»»

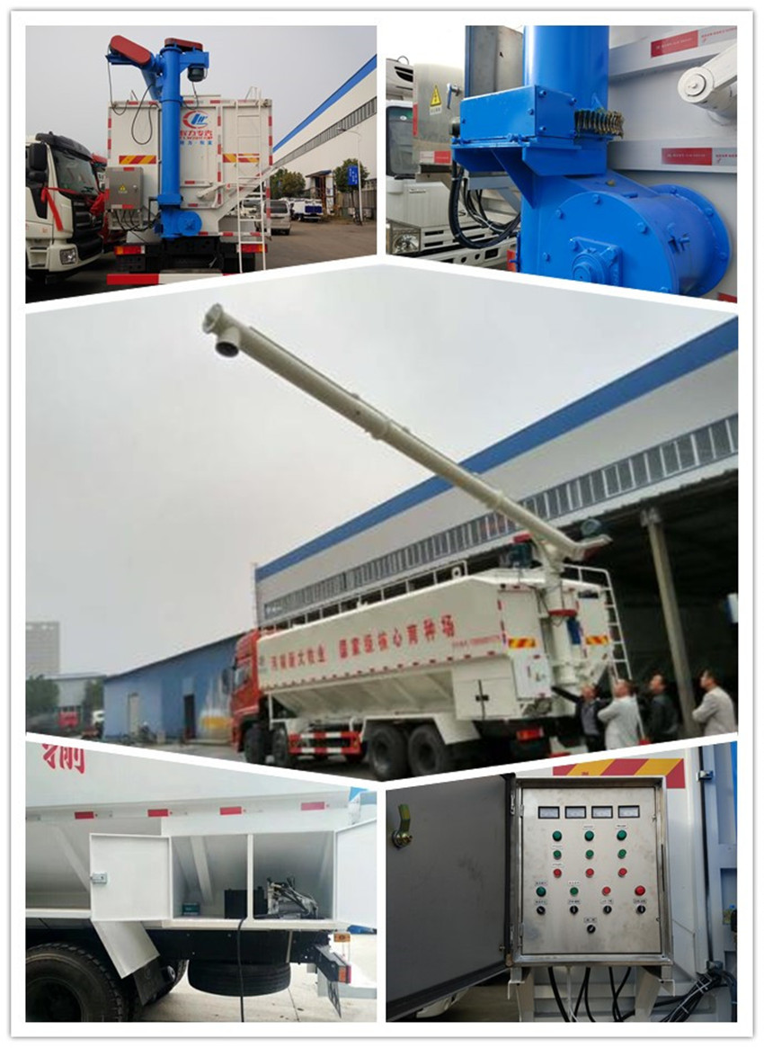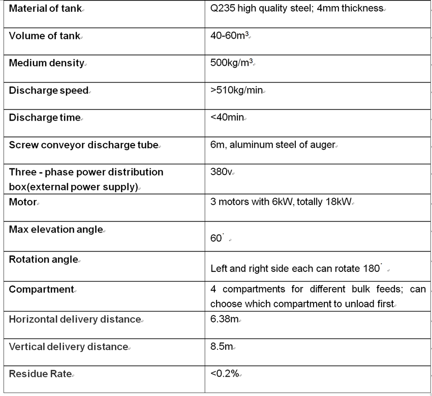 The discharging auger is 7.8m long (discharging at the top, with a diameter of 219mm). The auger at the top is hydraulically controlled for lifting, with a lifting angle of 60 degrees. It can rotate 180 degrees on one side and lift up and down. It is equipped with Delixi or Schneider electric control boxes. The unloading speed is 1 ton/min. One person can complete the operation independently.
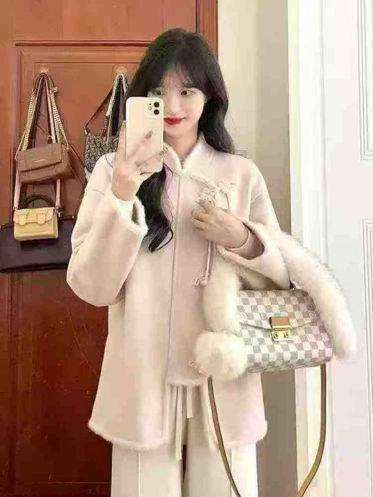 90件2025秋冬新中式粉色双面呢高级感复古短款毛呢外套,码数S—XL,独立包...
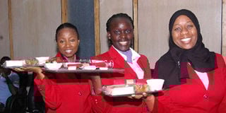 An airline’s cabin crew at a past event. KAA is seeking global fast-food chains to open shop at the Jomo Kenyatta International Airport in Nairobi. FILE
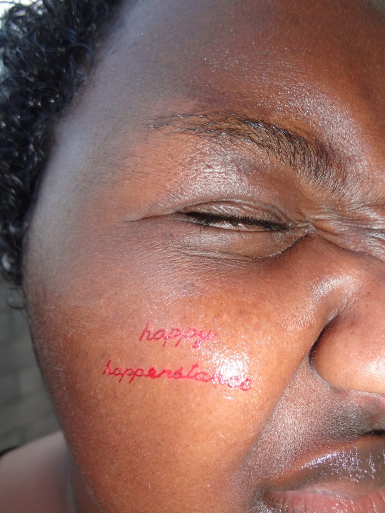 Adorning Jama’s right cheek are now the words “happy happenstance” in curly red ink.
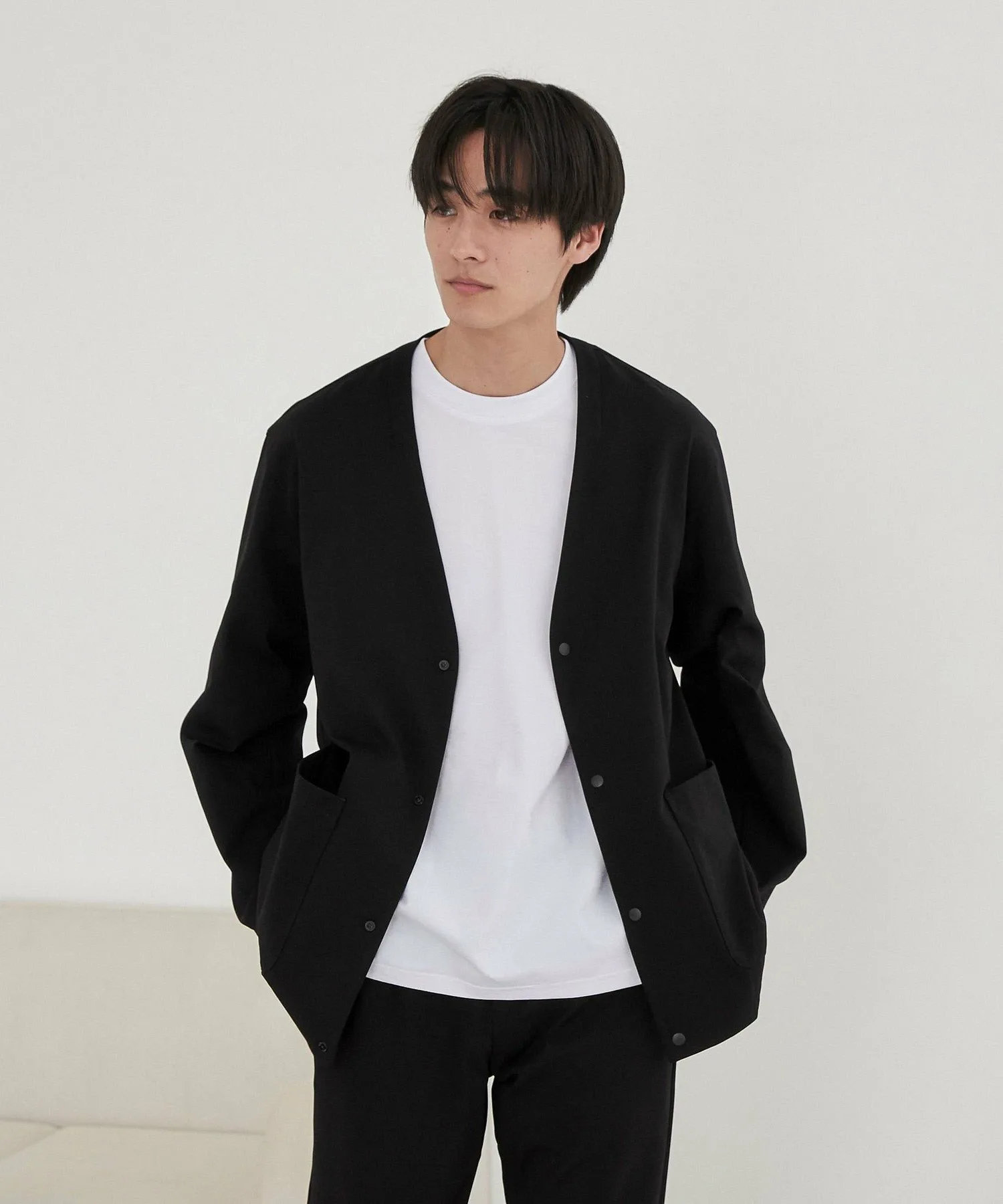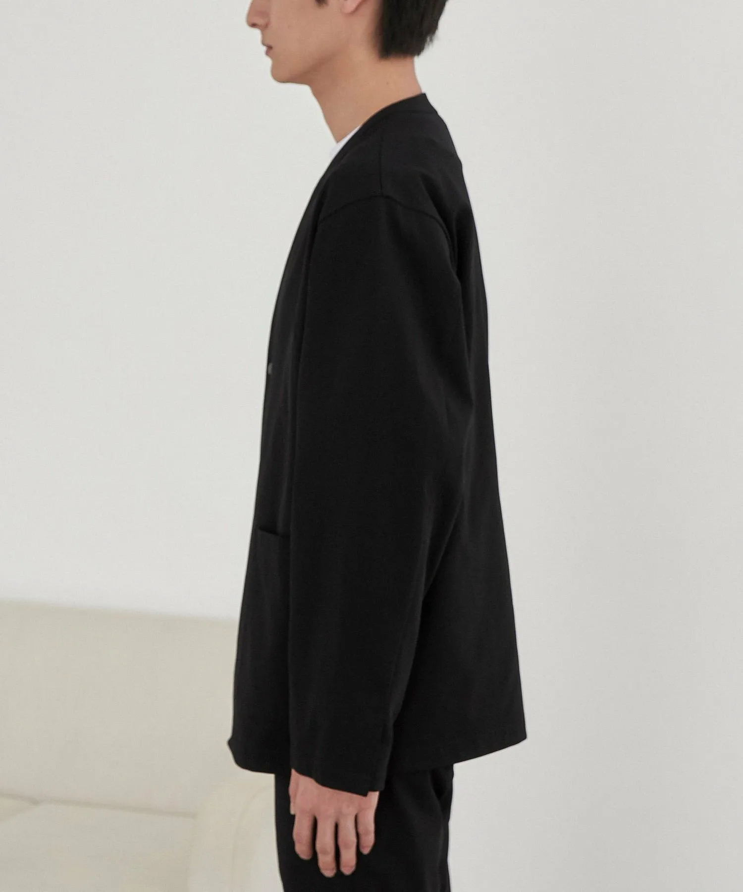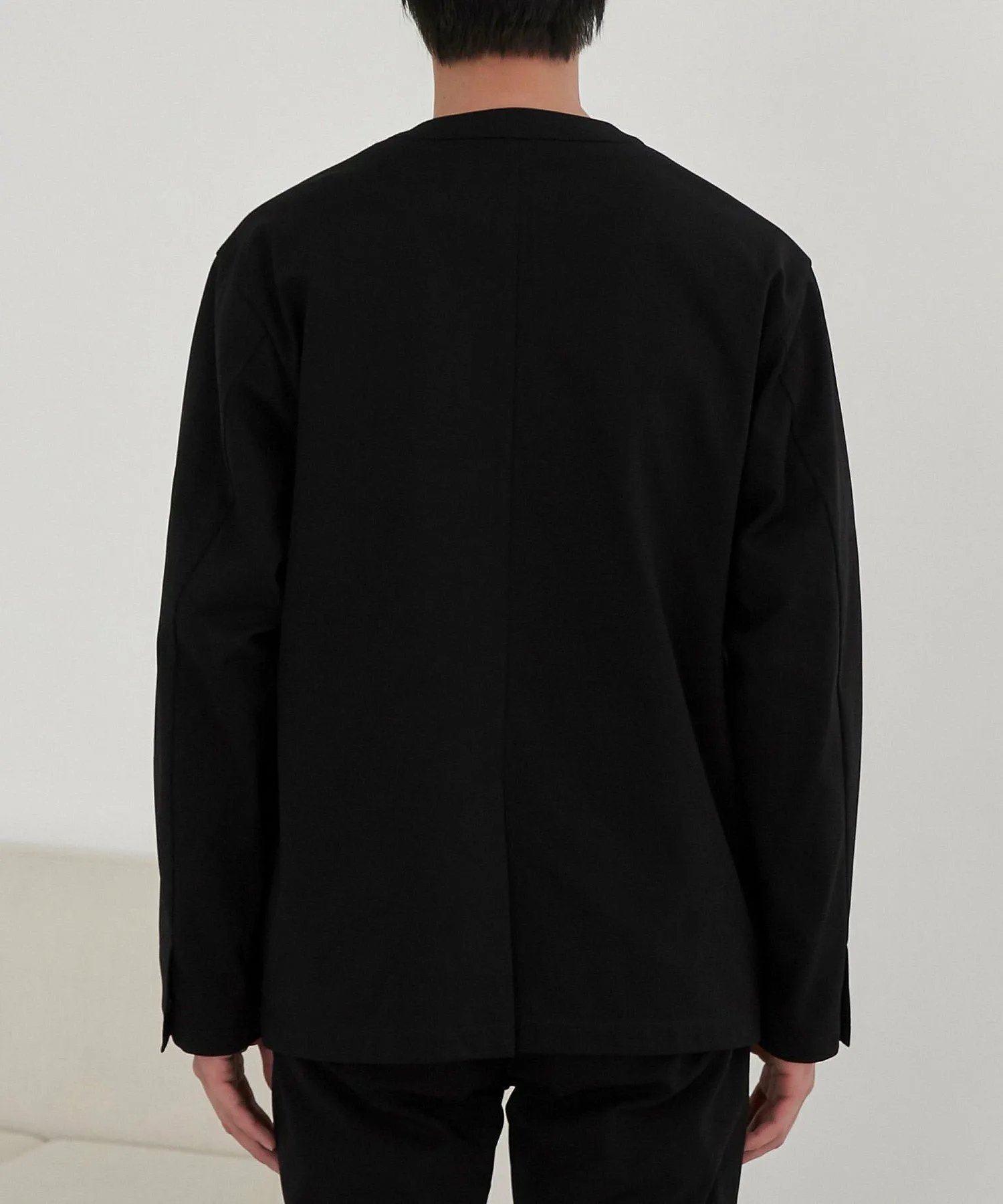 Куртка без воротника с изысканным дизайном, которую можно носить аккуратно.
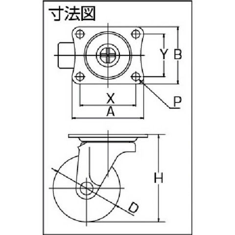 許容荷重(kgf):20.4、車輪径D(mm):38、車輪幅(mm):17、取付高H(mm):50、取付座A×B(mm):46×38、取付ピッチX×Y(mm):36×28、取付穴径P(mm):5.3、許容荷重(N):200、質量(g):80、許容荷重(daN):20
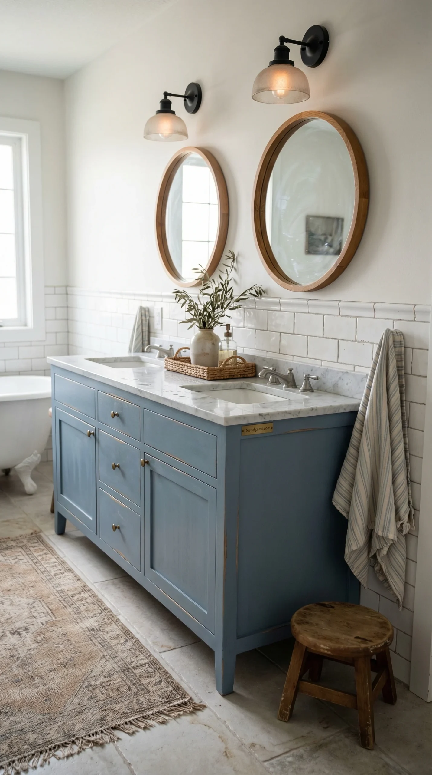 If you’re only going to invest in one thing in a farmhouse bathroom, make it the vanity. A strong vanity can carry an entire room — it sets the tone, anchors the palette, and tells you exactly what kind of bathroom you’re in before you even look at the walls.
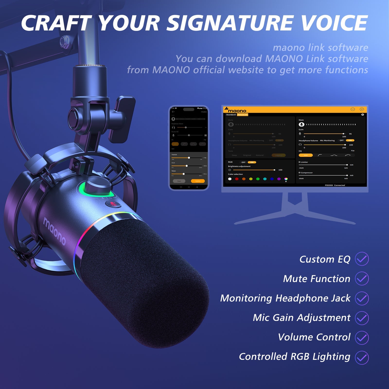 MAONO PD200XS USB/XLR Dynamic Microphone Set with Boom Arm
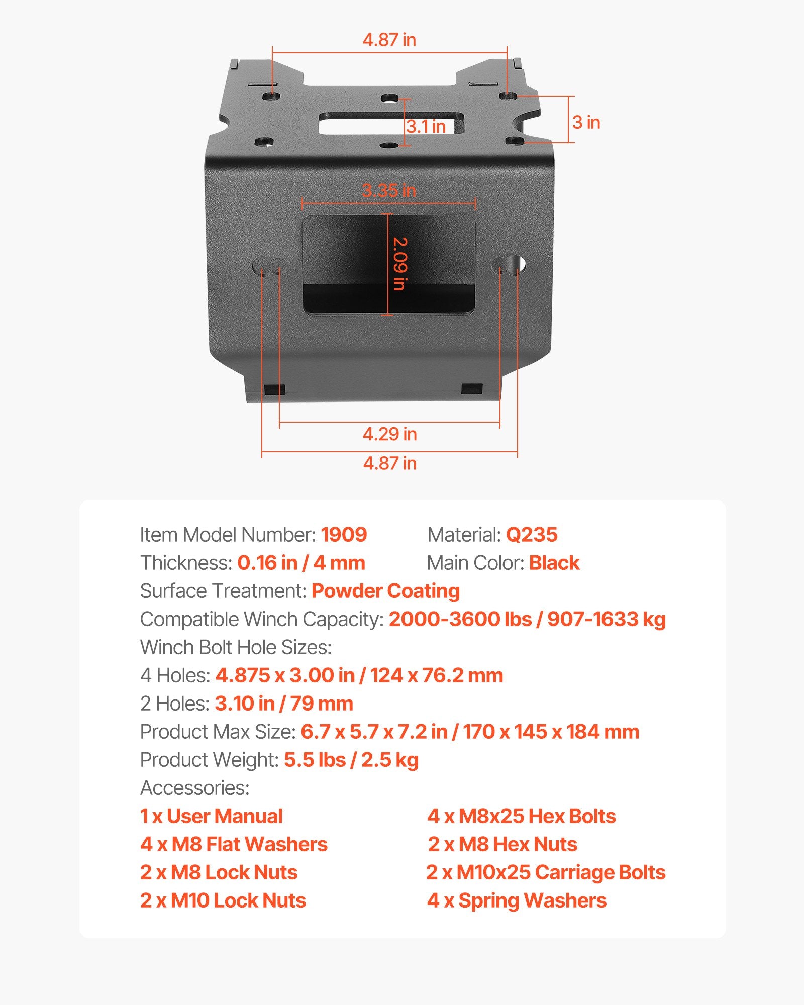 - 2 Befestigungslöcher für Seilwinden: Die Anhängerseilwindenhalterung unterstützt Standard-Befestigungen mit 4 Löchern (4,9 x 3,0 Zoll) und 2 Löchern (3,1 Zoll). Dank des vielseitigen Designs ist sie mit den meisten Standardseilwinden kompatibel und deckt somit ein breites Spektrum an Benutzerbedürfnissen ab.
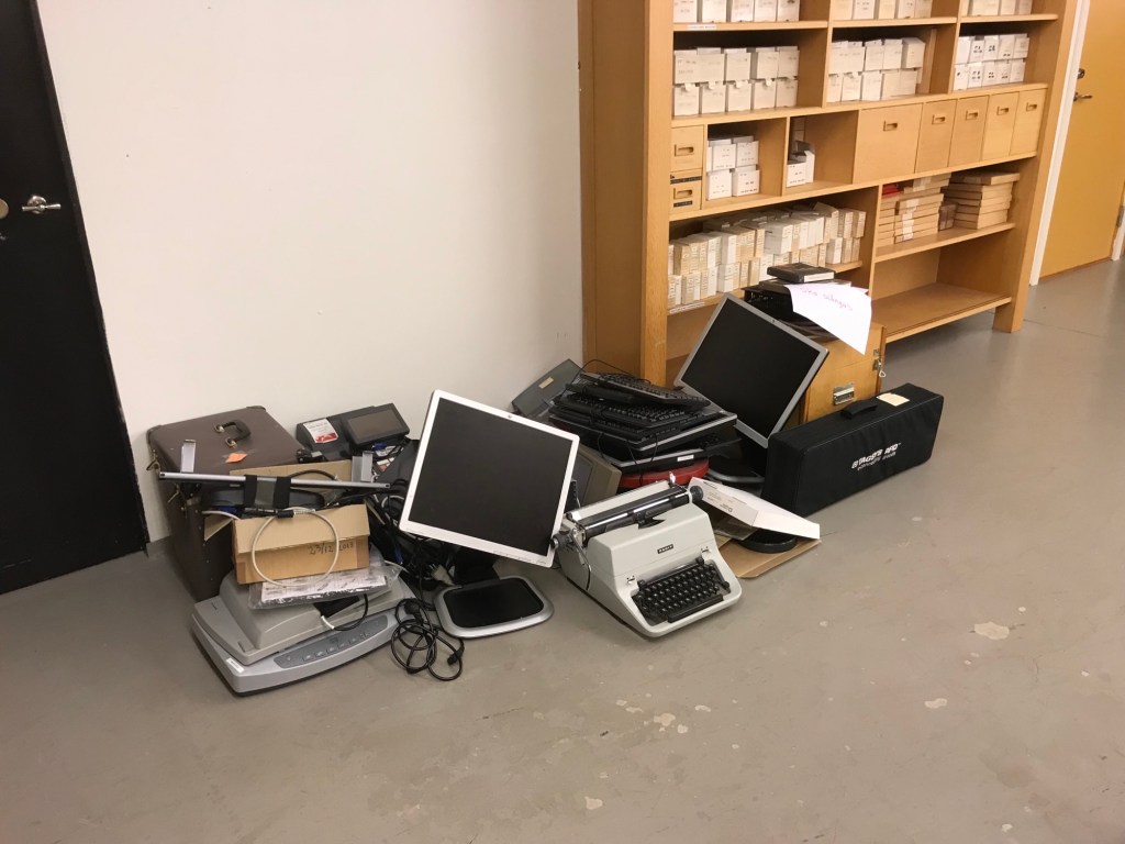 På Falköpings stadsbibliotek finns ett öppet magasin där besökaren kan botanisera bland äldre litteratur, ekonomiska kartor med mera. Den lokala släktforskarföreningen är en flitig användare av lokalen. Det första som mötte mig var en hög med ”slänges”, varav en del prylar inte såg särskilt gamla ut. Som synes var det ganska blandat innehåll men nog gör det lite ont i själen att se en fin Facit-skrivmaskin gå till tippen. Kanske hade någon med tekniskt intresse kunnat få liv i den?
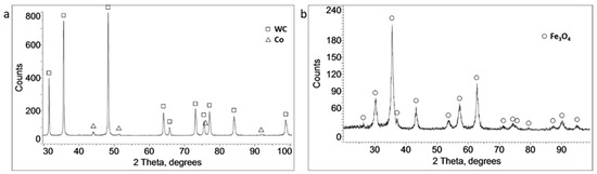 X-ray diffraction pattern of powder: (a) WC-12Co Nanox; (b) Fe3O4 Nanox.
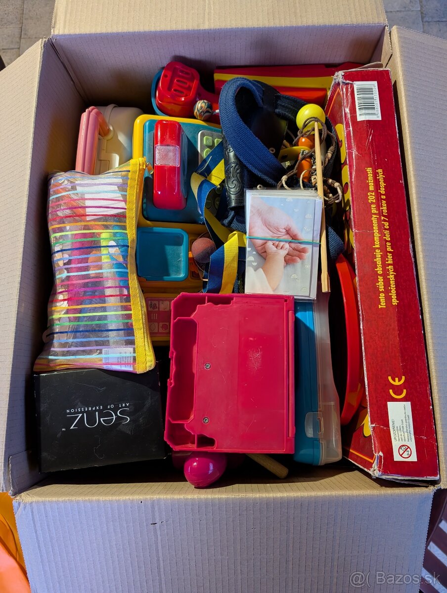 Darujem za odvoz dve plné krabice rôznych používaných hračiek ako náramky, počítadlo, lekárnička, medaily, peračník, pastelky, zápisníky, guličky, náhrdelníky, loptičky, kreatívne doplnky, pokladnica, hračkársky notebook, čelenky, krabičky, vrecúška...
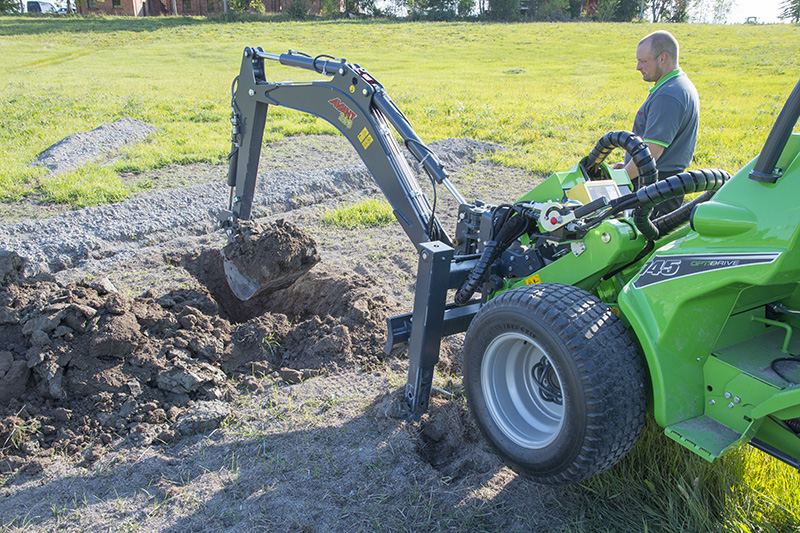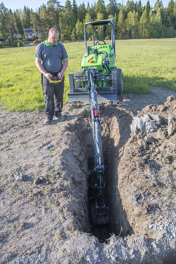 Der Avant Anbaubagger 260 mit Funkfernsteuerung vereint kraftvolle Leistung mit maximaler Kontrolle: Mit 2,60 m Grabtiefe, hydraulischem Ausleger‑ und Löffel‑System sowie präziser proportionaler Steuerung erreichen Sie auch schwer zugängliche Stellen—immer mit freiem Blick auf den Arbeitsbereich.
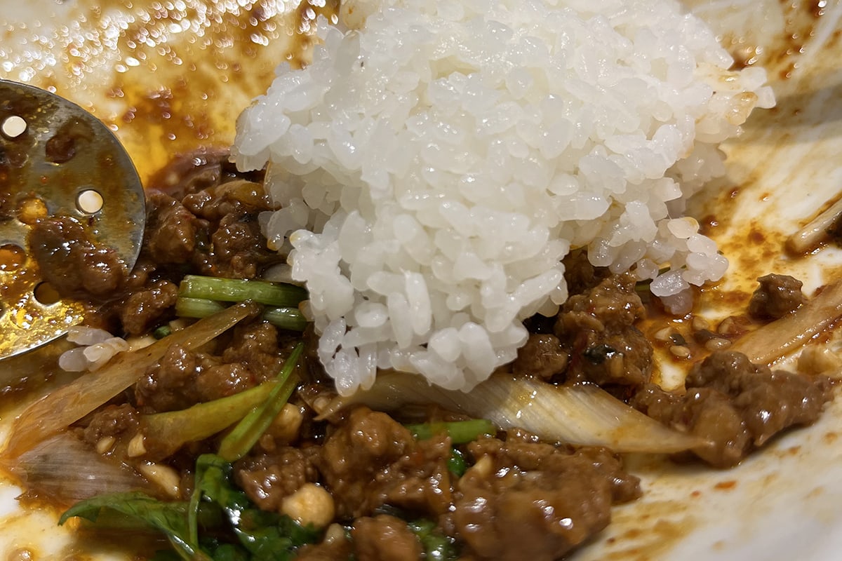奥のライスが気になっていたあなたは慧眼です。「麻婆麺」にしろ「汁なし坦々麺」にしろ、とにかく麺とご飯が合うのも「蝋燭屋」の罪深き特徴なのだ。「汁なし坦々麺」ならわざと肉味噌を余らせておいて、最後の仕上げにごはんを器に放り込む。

««

> What is expected: Your answer should contain only the lines from the beginning of the listing above through the line with "許容荷重(kgf):20.4", copied exactly and without the pictures.

> Answer box:
 The discharging auger is 7.8m long (discharging at the top, with a diameter of 219mm). The auger at the top is hydraulically controlled for lifting, with a lifting angle of 60 degrees. It can rotate 180 degrees on one side and lift up and down. It is equipped with Delixi or Schneider electric control boxes. The unloading speed is 1 ton/min. One person can complete the operation independently.
 90件2025秋冬新中式粉色双面呢高级感复古短款毛呢外套,码数S—XL,独立包...
 An airline’s cabin crew at a past event. KAA is seeking global fast-food chains to open shop at the Jomo Kenyatta International Airport in Nairobi. FILE
 Adorning Jama’s right cheek are now the words “happy happenstance” in curly red ink.
 Куртка без воротника с изысканным дизайном, которую можно носить аккуратно.
 許容荷重(kgf):20.4、車輪径D(mm):38、車輪幅(mm):17、取付高H(mm):50、取付座A×B(mm):46×38、取付ピッチX×Y(mm):36×28、取付穴径P(mm):5.3、許容荷重(N):200、質量(g):80、許容荷重(daN):20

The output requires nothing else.